Whites had the highest levels of nostalgia, with 65 percent now identifying positive elements to whites-only rule compared with 59 percent in 2000 and 39 percent in 1995.
But black respondents were also beginning to wax nostalgic, with 20 percent now giving a positive rating to certain aspects of life under the apartheid regime, compared with 17 percent in 2000 and eight percent in 1995.
"This suggests that as time has passed and memories of what life was really like then become dim, people tend to positively emphasise the things that they do not see under the present system and de-emphasise the more harsh aspect," said one poll.
Mattes said the rise in pro-apartheid sentiments among blacks could reflect both the growing income inequalities within South Africa's black community - where many have actually grown poorer since the end of apartheid - as well as difficulties in dealing with government bureaucracy.
Despite growing nostalgia for the past, the poll found South Africans becoming more positive about their government and its direction for the future - although they rate unemployment, poverty, crime and Aids as serious challenges.
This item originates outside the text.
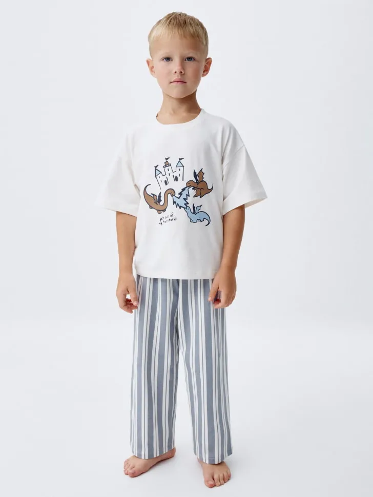 Представляем уютную пижаму для мальчиков, которая станет любимой одеждой для дома и сна! Этот стильный комплект из двух предметов разработан с заботой о комфорте вашего ребенка. Мягкая и приятная к телу футболка выполнена в нежном молочном цвете и украшена оригинальным принтом, изображающим сказочный замок и очаровательных драконов. Такой дизайн подарит юному мечтателю вдохновение для увлекательных снов и фантазийных игр.

A total of 54 percent gave positive marks to the country's current system of government, up 18 points from 1995.
Among whites, 46 percent gave the current government positive ratings, compared with just 12 percent in 1995.
Seventy-four percent of respondents expressed optimism about how the country's political system would develop over the next 10 years, with long-term optimism among whites rising to 44 percent from 24 percent in 1995.
"As people, especially racial minorities, become more accustomed to the new order, they seem to be coming to terms with it, even as they moan and grumble about all its faults," said the poll.
The Afrobarometer polls are conducted as a collaboration between the Institute for Democracy in South Africa, the Centre for Democracy and Development in Ghana and Michigan State University.
The latest South African polls, which interviewed a racially representative sample of 2 400 South Africans in September and October, had a margin of error of plus or minus two percentage points.
They should all resign. :)
}:-)4
'I thought my boss was a devil. Not now, He was my saviour. '*** Charles Mushambati had always regarded Thom Martin as being among those "devil" Zimbabwean white farmers who grossly underpaid their workers and kept them in squalor. With hindsight, he now believes he was wrong. More than 60 white farmers had been arrested around Zimbabwe by yesterday as President Robert Mugabe cracked down on 1,800 farmers who were refusing to leave their land. His confiscation policy is supposedly aimed at helping people such as Mr Mushambati, but the 59-year-old labourer, like most of the 80,000 farm workers who have found themselves unemployed and homeless after their bosses went out of business, has lost his illusions.
Mr Mushambati had often quarrelled with Mr Martin over his wages, and was elated when he attended a rally before the 2000 parliamentary elections at which Mr Mugabe promised "land to my people". The labourer applied for a piece of land, but officials asked him for a Zanu-PF card, demonstrating membership of Mr Mugabe's ruling party, to attach to the application. He didn't have one. "They made it clear that no one would get land without a party card," he said. Mr Mushambati returned to work for Mr Martin, who paid him 4,000 Zimbabwe dollars (£50) a month. His wife also worked for the white farmer and they received free produce from Mr Martin, and sent their children to a school he built for his employees. "I used to think the boss was a devil, but with hindsight he was not. He was my saviour," said Mr Mushambati.
This is the future now facing Mr Mushambati - a plight often forgotten in the international attention devoted to the white farmers. Mr Martin told his workers last week he had given up the fight for his land and was emigrating to New Zealand. Mr Mushambati asked his employer to take him too. "Unfortunately, the boss said he will not own a farm any more. He is going to work in a hotel in New Zealand," said his employee of 20 years. He broke down. "I am finished. I have no future."***
Yes, that is the key, but it should not include the majority voting to take the property of the minority. Adhering to the law is also imperative.